- [Directions]: The part below that opens with the line containing "株洲市石峰区绿丰餐饮具加工厂" and closes with the line containing "Pro Studio Solutions" should be copied exactly, minus any pictures.

Start of Information provided

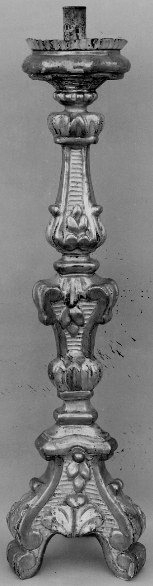 - NOTIZIE STORICO CRITICHE La serie di candelieri presenta una fattura ordinaria, ma non priva di eleganza nella forma e nella scelta degli elementi decorativi semplici e sobri; analoghi ad altre serie conservate nella stessa chiesa (cfr. 0100031300, 0100031301, 0100031303, 0100031305, 0100031306), essi rappresentano una tipologia ampiamente diffusa e facilmente reperibile nell'arredo sacro di molte chiese piemontesi (cfr. A. Midana, L'arte del legno in in Piemonte nel 600 e 700, Torino, 1925, figg. 438-439). Gli esemplari in esame possono essere ricondotti ad una datazione nel secondo terzo del XVIII secolo e ad una produzione di ambito piemontese. Due candelieri si trovano attualmente sull'altare della quarta cappella a sinistra. Questi ultimi sono stati ridorati e riargentati, probabilmente, alla fine dell'Ottocento
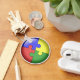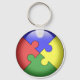 Promote Autism Awareness. Red, yellow, blue and green puzzle pieces form a colourful pinwheel in the middle of this bold design. It looks great on buttons, t-shirts and more.
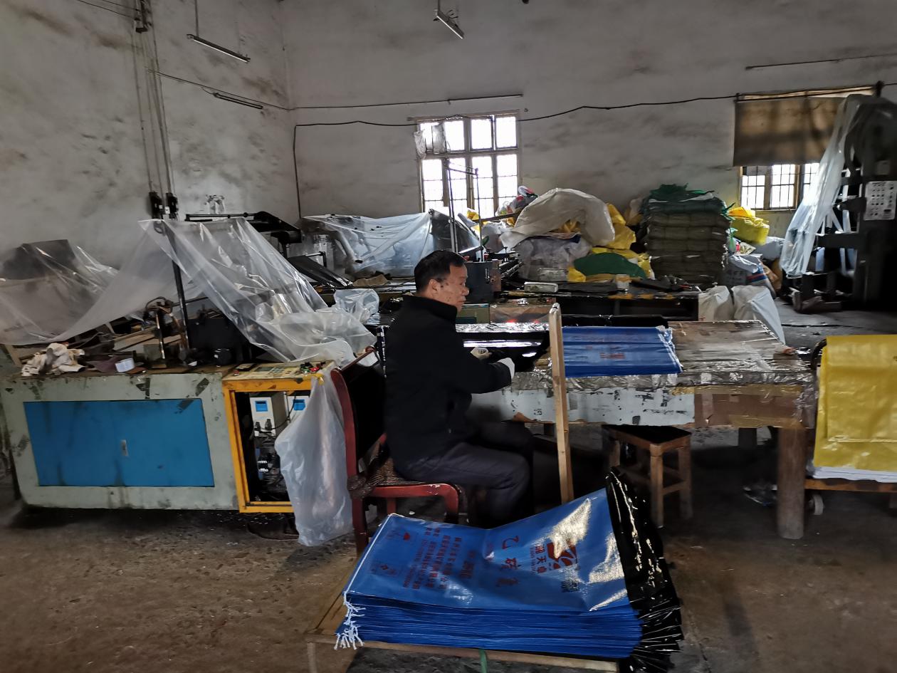 株洲市石峰区绿丰餐饮具加工厂,位于清水塘街道,该企业办理了环评手续,主要从事塑料餐具生产,配套建设了UV光解一套和布袋除尘设施一套,检查时正在生产。株洲湘东塑料有限公司,位于响石岭街道,该公司目前已停产。株洲泰宇丰工贸有限公司位于石峰区田心街道三友工业园内,该单位从事蛇皮袋组装行业,蛇皮袋内有一层黑色塑料袋。厂内主要设备有裁切机1台,主要生产工艺为:裁切黑色塑料袋—加热封口—人工套装至蛇皮袋—成品。该单位拒绝环保部门询问,称不产生污染物,将会进一步核查。
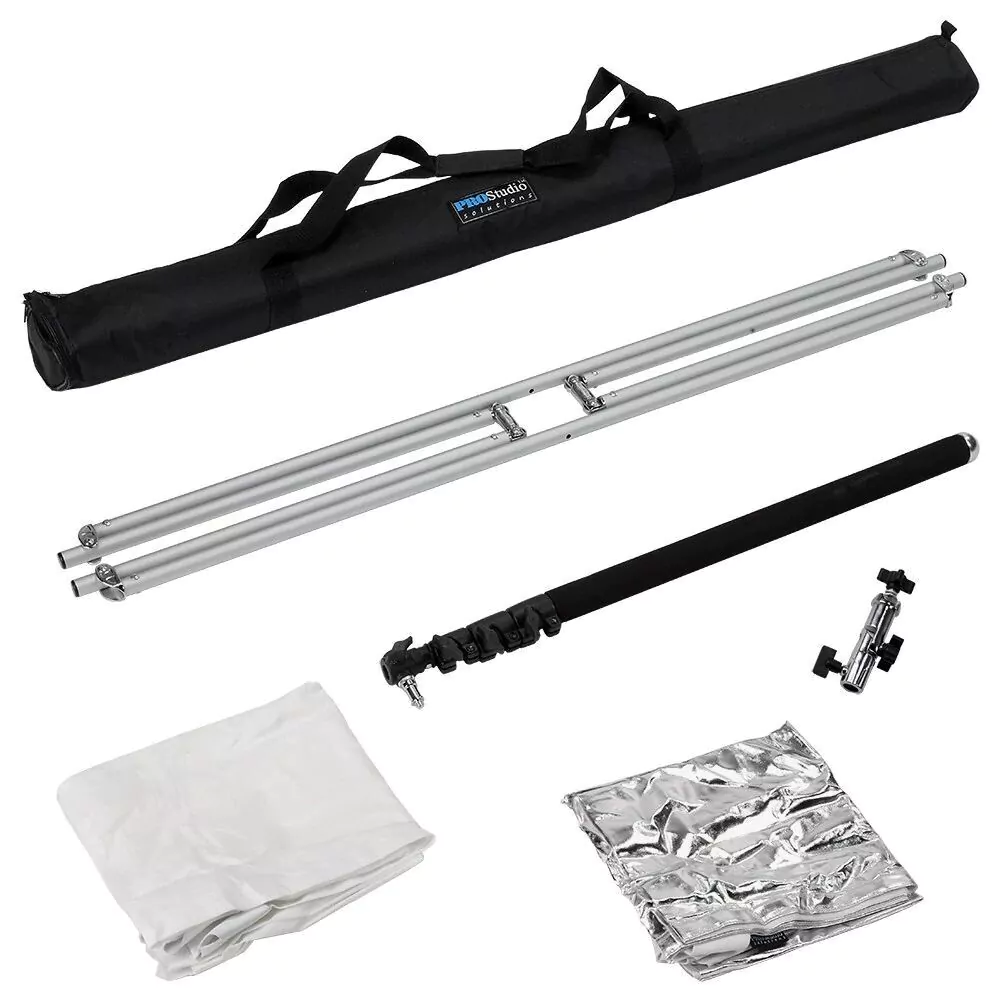 Pro Studio Solutions Boom Sun Scrim – zusammenklappbares Rahmendiffusions- und Silber/Weiß-Reflektor-Set mit Galgengriff und Tragetasche
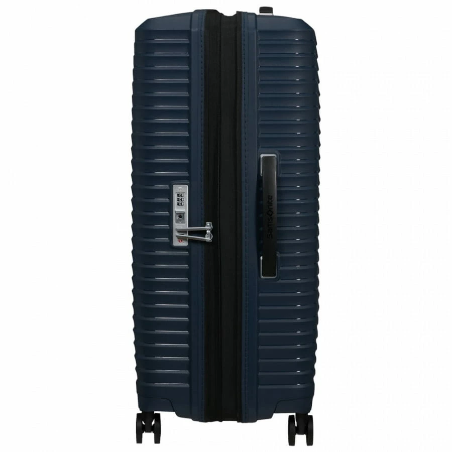 Der Samsonite Upscape Trolley setzt vor Allem auf Komfort und Qualität. Ersteres erreicht er durch die vier gefederten 360-Grad Doppelrollen, die bequemen Handgriffe und die mehrfach arretierbare Trolleystange. Die gewohnte Samsonite Qualität garantieren das moderne Polypropylen und das aus PET-Flaschen recycelte Polyester, welches bei Bedarf herausgenommen und gewaschen werden kann. Auch die Fächer für die Reiseutensilien sind durchdacht gestaltet, denn das große Hauptfach mit Packriemen, die Trennwand mit drei Reißverschlussfächern und ein separates Hemden-/Wäschefach sorgen für viel Stauraum und Ordnungsmöglichkeiten. Weitere Features des Samsonite Upscape Trolley sind das TSA Zahlenschloss, die RV-Dehnfalte zur Volumenerweiterung und ein Adressanhänger.

End of Information provided

- [Result of this task]:
 株洲市石峰区绿丰餐饮具加工厂,位于清水塘街道,该企业办理了环评手续,主要从事塑料餐具生产,配套建设了UV光解一套和布袋除尘设施一套,检查时正在生产。株洲湘东塑料有限公司,位于响石岭街道,该公司目前已停产。株洲泰宇丰工贸有限公司位于石峰区田心街道三友工业园内,该单位从事蛇皮袋组装行业,蛇皮袋内有一层黑色塑料袋。厂内主要设备有裁切机1台,主要生产工艺为:裁切黑色塑料袋—加热封口—人工套装至蛇皮袋—成品。该单位拒绝环保部门询问,称不产生污染物,将会进一步核查。
 Pro Studio Solutions Boom Sun Scrim – zusammenklappbares Rahmendiffusions- und Silber/Weiß-Reflektor-Set mit Galgengriff und Tragetasche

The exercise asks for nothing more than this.